Hi,
After moving to Cloudera 0.20.1 release and upgrade to 64GB machines, started
facing occasional OOMs with higher number of reducers when reducers started
copying map outputs.
java.lang.OutOfMemoryError: Java heap space at
org.apache.hadoop.mapred.ReduceTask$ReduceCopier$MapOutputCopier.shuffleInMemory(ReduceTask.java:1539)
at
org.apache.hadoop.mapred.ReduceTask$ReduceCopier$MapOutputCopier.getMapOutput(ReduceTask.java:1432)
at
org.apache.hadoop.mapred.ReduceTask$ReduceCopier$MapOutputCopier.copyOutput(ReduceTask.java:1285)
at
org.apache.hadoop.mapred.ReduceTask$ReduceCopier$MapOutputCopier.run(ReduceTask.java:1216)
,Error:
Turned out the problem was related to java int usein ReducerTask
ShuffleRamManager reserve method check-
// Wait till the request can be
fulfilled...
while ((size + requestedSize) > maxSize) {
The check fails if (size+requestedSize) exceeds Integer.MAX_VALUE and "wraps
around" into a negative value thus failing the check. This forces all
subsequent requests to keep on reserving the RAM and finally crash the JVM.
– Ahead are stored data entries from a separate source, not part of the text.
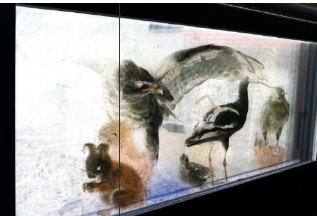
11_ To Be Forgotten IV, Hvide Sande, 2017 © Absalon Kirkeby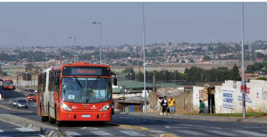
This low-density corridor along Johannesburg's Rea Vaya BRT would benefit from the sort of TOD proposed by the Corridors of Freedom initiative.

of land located at least 20 kilometers from a city center, according to a report by Jones Lang LaSalle, an international financial and professional services firm specializing in real estate.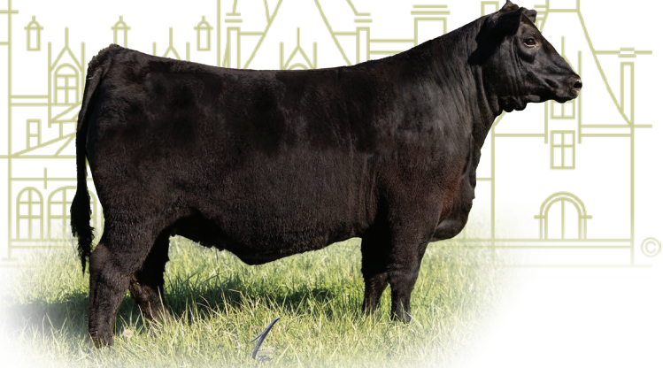
E&B LADY WILDCAT 254 *20402804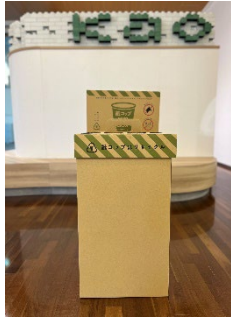
Kao Corporation (Sumida Office)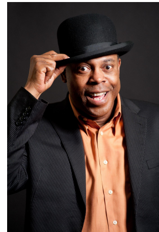
Pictured left - Rich Vos, center - Jimmie Walker, & right - Michael Winslow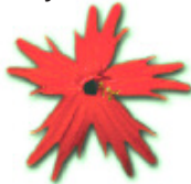
Red Flower: Courage and Gallantry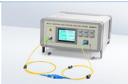
Insertion Loss Testing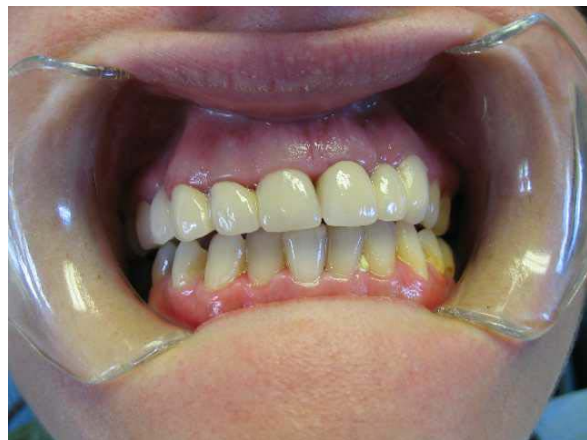
Crowns Correcting Spaces and Misalignment of Teeth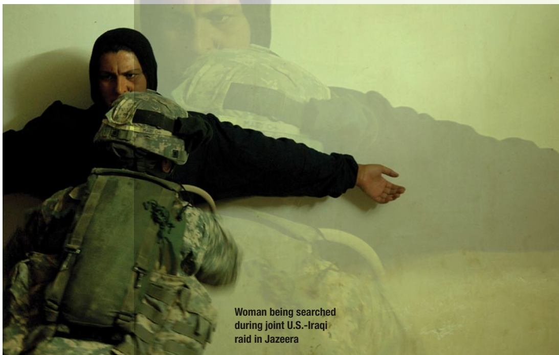
Woman being searched during joint U.S.-Iraqi raid in Jazeera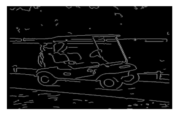
Fig-1: The contour image of a car.

Once we get the actual size of the car, we check for the free slots in the parking lot that would match the estimated car size. If the slots are filled a "slots filled " message is displayed and the next frame of the car that enters the system is taken, and if the slots are not free, the parking lot is checked again untill at least one slot free is available. The fee slot is made available only when a car leaves the system. That free slot is allocated to the car that enters the system. The Entry time of the car is the current system time. Once the vehicle enters the system;

Checked if it was related to HADOOP-3446 or being resolved by HADOOP-318.
Looks like the problem would not occur after HADOOP-318 as Arun uses "long" for
size rather than the current buggy "int".
Should a JIRA be raised to fix this for pre-0.21.0 release.
My fix was simple- while (((long)size + (long)requestedSize) > maxSize) {
I would be willing to create a JIRA and patch.
-Sanjay
Follow our updates on www.twitter.com/impetuscalling.
* Impetus is sponsoring Internet Summit '09, a premier event in Raleigh, NC
from November 4-5, 2009. Visit www.impetus.com/events.html for details.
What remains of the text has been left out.